(Beginning of Source data)

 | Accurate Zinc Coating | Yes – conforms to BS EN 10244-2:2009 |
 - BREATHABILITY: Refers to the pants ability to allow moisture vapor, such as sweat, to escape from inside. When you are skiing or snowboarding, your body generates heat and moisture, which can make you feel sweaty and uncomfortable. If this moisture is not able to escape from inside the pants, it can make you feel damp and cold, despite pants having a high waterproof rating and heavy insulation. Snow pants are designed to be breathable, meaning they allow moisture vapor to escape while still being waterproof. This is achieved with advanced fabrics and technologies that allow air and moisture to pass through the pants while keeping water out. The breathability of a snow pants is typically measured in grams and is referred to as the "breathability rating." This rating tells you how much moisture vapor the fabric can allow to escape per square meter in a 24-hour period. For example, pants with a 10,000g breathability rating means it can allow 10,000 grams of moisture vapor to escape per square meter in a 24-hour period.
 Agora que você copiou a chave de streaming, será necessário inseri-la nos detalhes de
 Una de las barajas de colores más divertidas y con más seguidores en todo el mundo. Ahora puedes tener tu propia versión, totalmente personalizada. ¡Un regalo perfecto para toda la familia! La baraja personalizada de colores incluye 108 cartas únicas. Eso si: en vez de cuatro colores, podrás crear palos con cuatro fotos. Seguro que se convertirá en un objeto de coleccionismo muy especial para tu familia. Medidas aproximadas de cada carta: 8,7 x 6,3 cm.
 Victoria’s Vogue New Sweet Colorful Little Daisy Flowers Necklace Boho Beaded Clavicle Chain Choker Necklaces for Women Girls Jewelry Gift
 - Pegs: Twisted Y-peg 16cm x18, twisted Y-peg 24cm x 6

(End of Source data)
(Beginning of Source data)

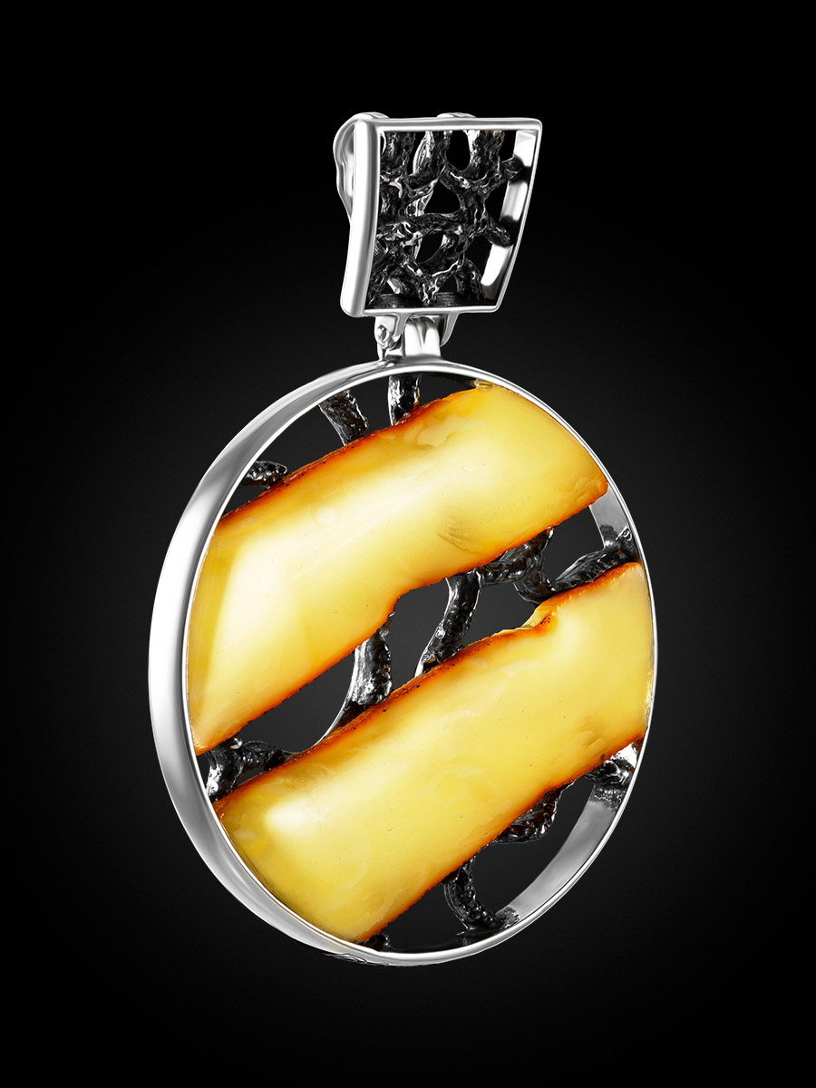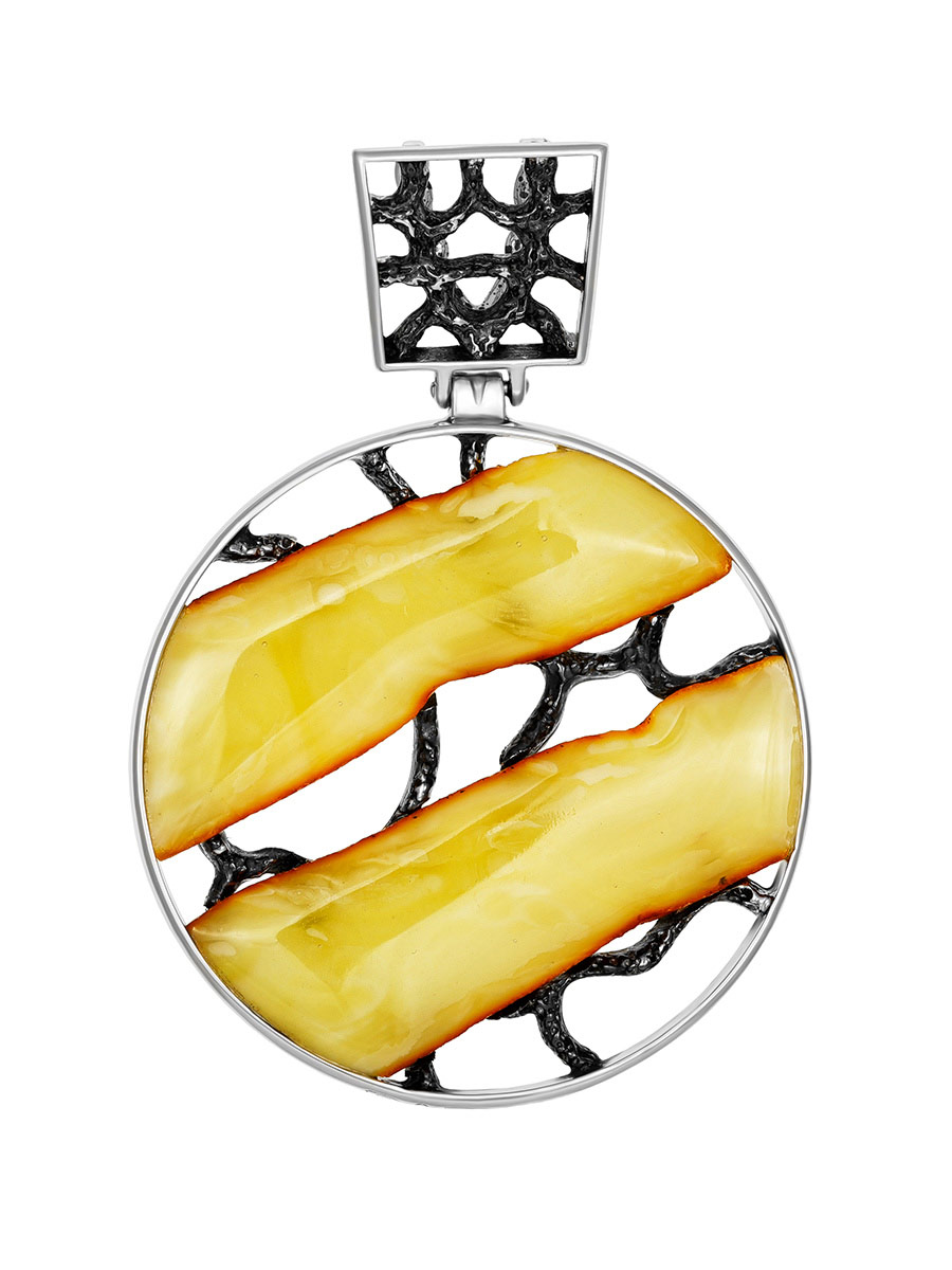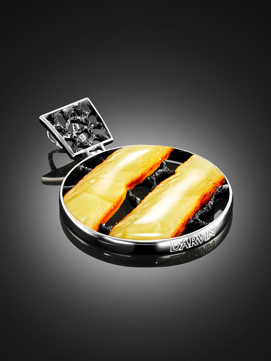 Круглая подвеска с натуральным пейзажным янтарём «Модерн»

(End of Source data)

# [What to produce]
For the material above, reproduce exactly the lines from the line with "Agora que você" to the line with "- Pegs: Twisted", inclusive, and exclude all others.

# [Task answer]
 Agora que você copiou a chave de streaming, será necessário inseri-la nos detalhes de
 Una de las barajas de colores más divertidas y con más seguidores en todo el mundo. Ahora puedes tener tu propia versión, totalmente personalizada. ¡Un regalo perfecto para toda la familia! La baraja personalizada de colores incluye 108 cartas únicas. Eso si: en vez de cuatro colores, podrás crear palos con cuatro fotos. Seguro que se convertirá en un objeto de coleccionismo muy especial para tu familia. Medidas aproximadas de cada carta: 8,7 x 6,3 cm.
 Victoria’s Vogue New Sweet Colorful Little Daisy Flowers Necklace Boho Beaded Clavicle Chain Choker Necklaces for Women Girls Jewelry Gift
 - Pegs: Twisted Y-peg 16cm x18, twisted Y-peg 24cm x 6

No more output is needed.